Macular thickness was measured manually at the two thickest points in the parafovea, defined following manual segmentation of the central horizontal scan ‐ slice 122 (see Supplementary Information for additional description). Foveal thickness (at the foveal pit) and macular thickness (taken at the two thickest points of the parafovea) were used to compute the fovea‐to‐macula thickness ratio.

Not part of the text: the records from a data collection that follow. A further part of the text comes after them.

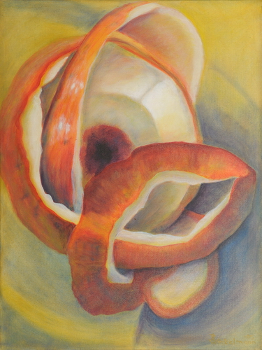 Geschälter Apfel / peeled appleAcryl auf Leinwand / acrylic on canvas, 80 x 60 cm, 2005 In Privatbesitz / privately owned
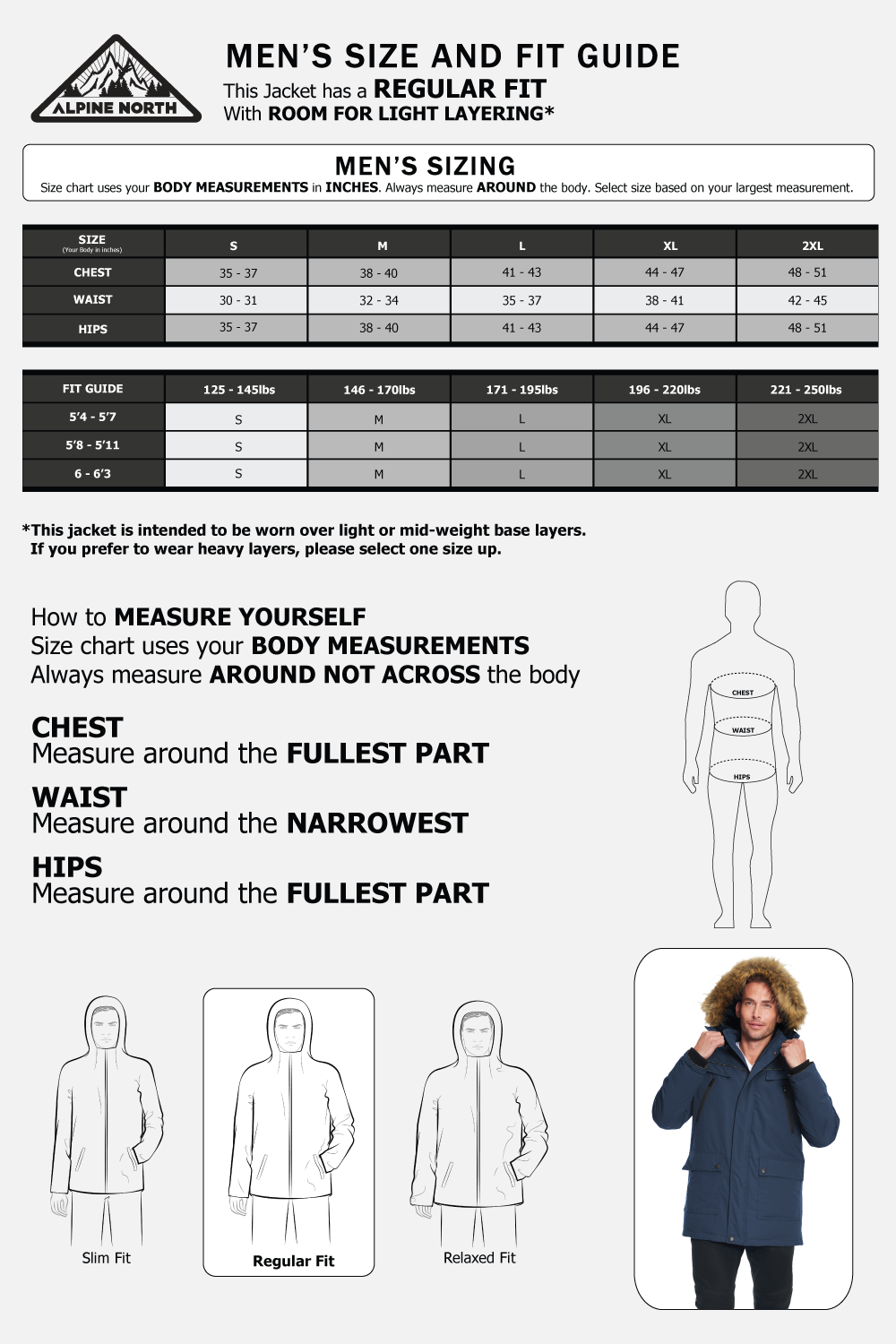 If you usually prefer to wear a light layer under your jacket, you may prefer to size down from your regular size. However, if you enjoy bulkier layers, we recommend choosing your usual size. The model is 6’1” and is wearing a size M.
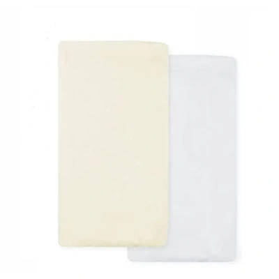 Dudu N Girlie Cotton Travel Cot Sheets Fitted Sheet 95x65 Jersey Soft Bedsheet Hypoallergenic Elasticated Breathable (Pack of 2, White & Cream)
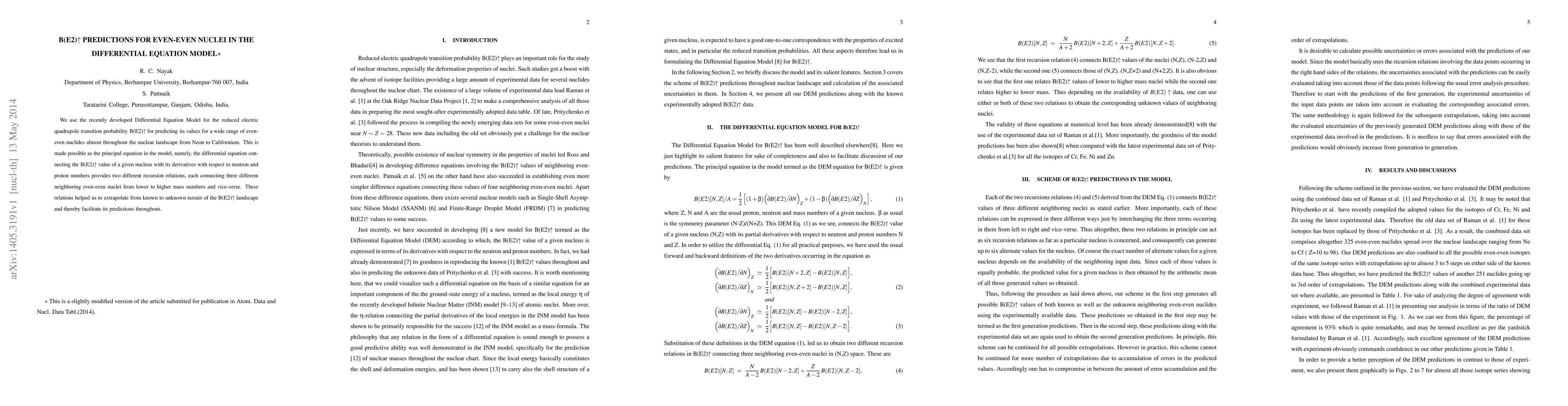 This paper utilizes a Differential Equation Model to predict B(E2) values for even-even nuclei across the nuclear chart, from Neon to Californium. The model's principal equation provides recursion relations that enable extrapolations, facilitating predictions throughout the unknown B(E2) landscape.
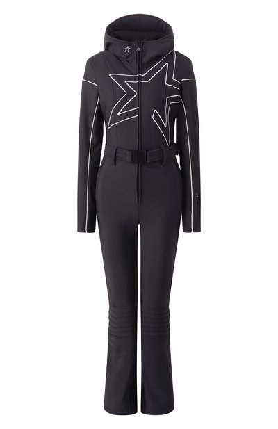 Комбинезон Star с контрастными эмблемами марки выполнили по технологии Toray Dermizax из эластичной водоотталкивающей ткани на основе нейлона. Для подкладки использовали флис. Изделие с ребристой отделкой на коленях дополнили парой карманов, капюшоном и съемным поясом. Брючины со снегозащитными гетрами застегиваются сзади молниями.
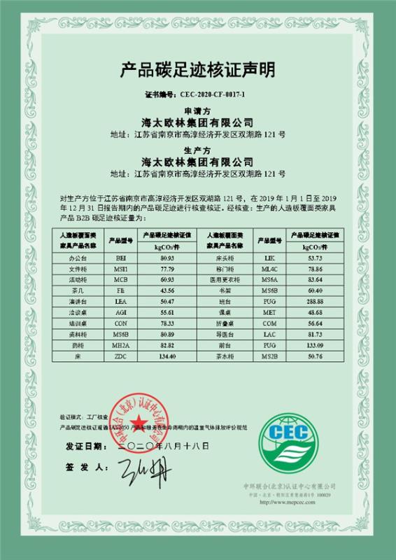 下一篇:海太歐林集團有限公司 CEC-2020-CF-0017-2-人造板涂飾類家具
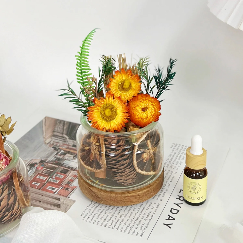 リビング、寝室、玄関、オフィスデスクなど、さまざまな空間に。精油の香りとドライフラワーの美しさが、日常にほっと一息と上質な癒しの時間をもたらします。
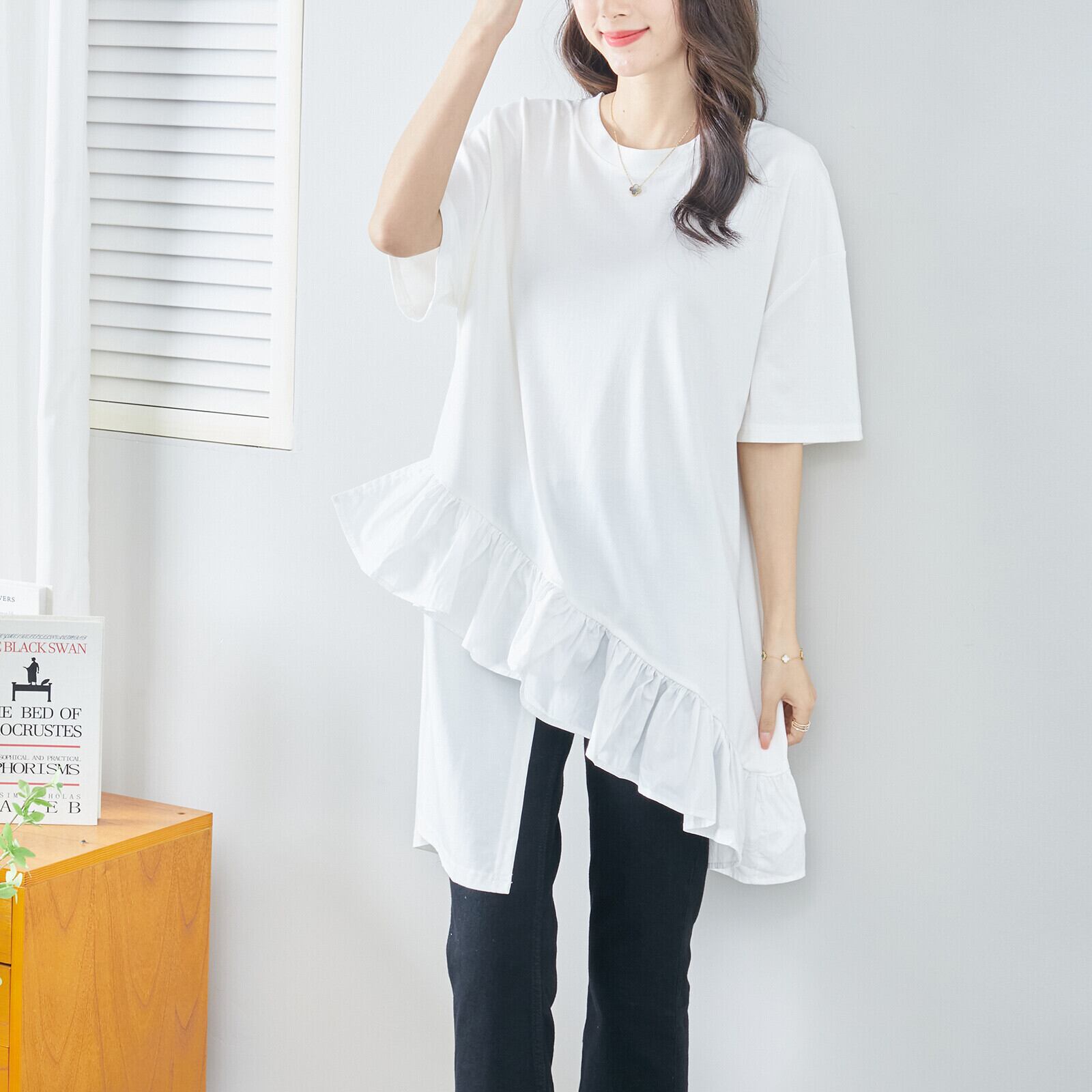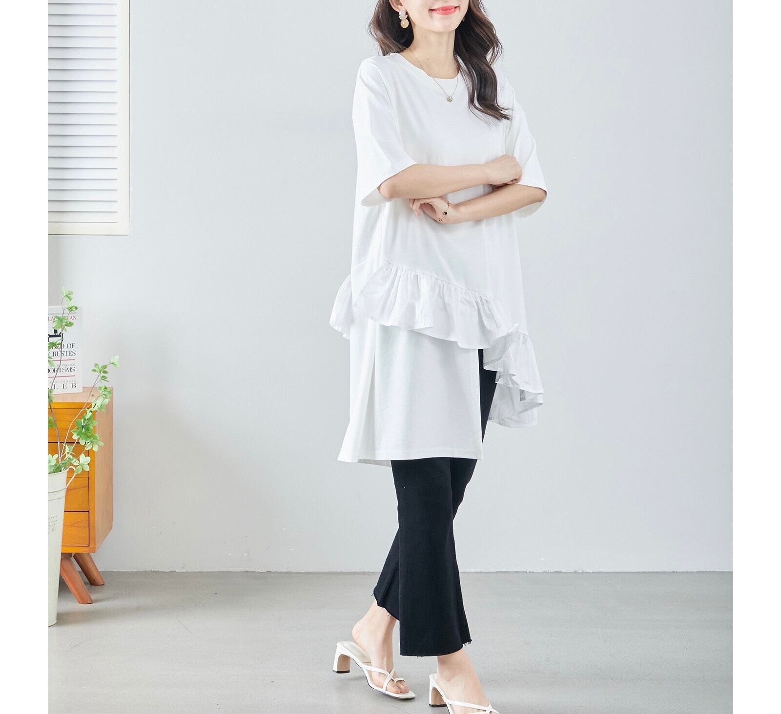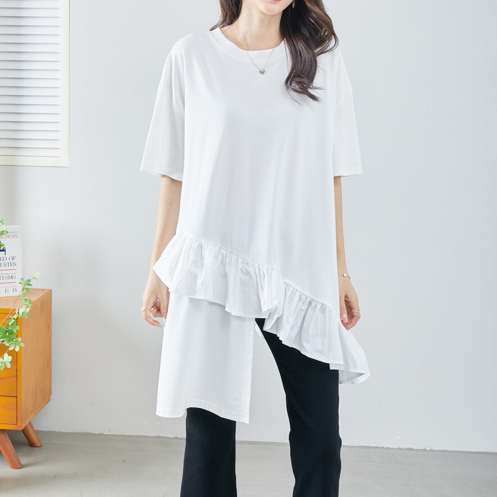 裾フリルアシンメトリーチュニック〈ホワイト〉
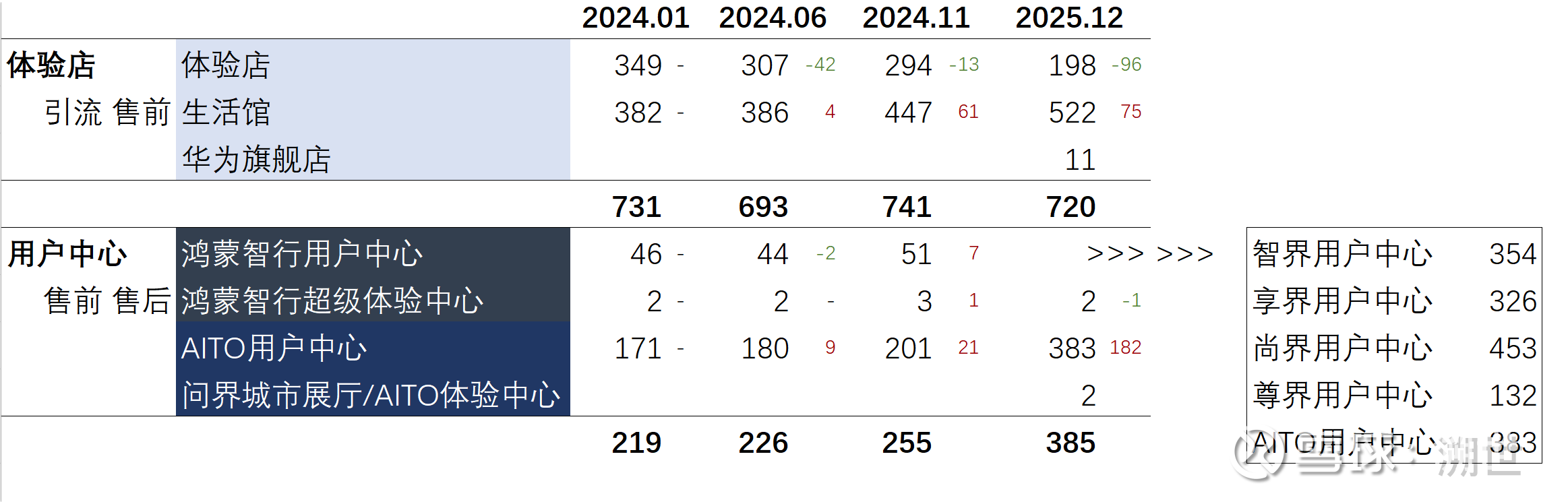 “建立联盟层面的营销服一体化操盘机制,实现品牌协同、资源互补、提升整体市场竞争力”——我并没有看到某些朋友讨论的“分网完又要合网”、“问界渠道要被吸血”的信息啊。先来看下图的渠道统计(前两天的帖子有朋友问,我爬了一份数据,但我想当然的把四界授权的元老级鸿蒙智行中心筛出去了,造成了问界用户中心的漏算,下图已做改正。数据来自hima和aito的网站)。
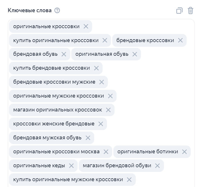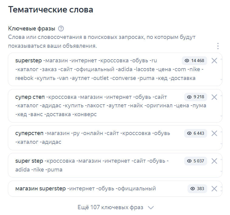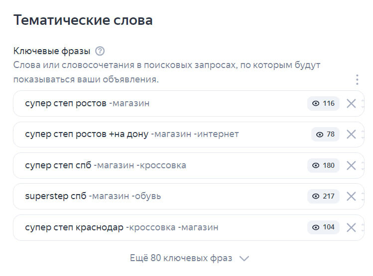 Таргетинг: общие категории запросов и брендовые запросы. Чтобы охватить больше заинтересованной аудитории, позже мы добавили и вендорные ключи — на отдельные бренды, которые есть в ассортименте приложения.

Microvasculature and structural measures were taken from the same scan, to maintain spatial correspondence between these measures. The Supplementary Information methods file provides detailed descriptions of the segmentation and structural measurements.

RESULTS

The final sample included 86 participants, 35 males (41%) and 51 females (59%). The mean age of the participants was 12.4 years (SD = 2.5); ethnicities were Caucasian (n = 68), East Asian (n = 4), West Asian (n = 12) and African (n = 2). The mean axial length was 23.1 mm (SD = 0.86), mean intraocular pressure (IOP) was 16.1 mmHg (SD = 3.7) and mean best‐corrected acuity was −0.10 logMAR (SD = 0.09). The mean spherical equivalent refractive error was +0.59 D (SD = 1.3). Table 1 summarises the OCTA results for the 3 × 3 mm scan at the macula.

TABLE 1.

Summary of measurements performed at the macula.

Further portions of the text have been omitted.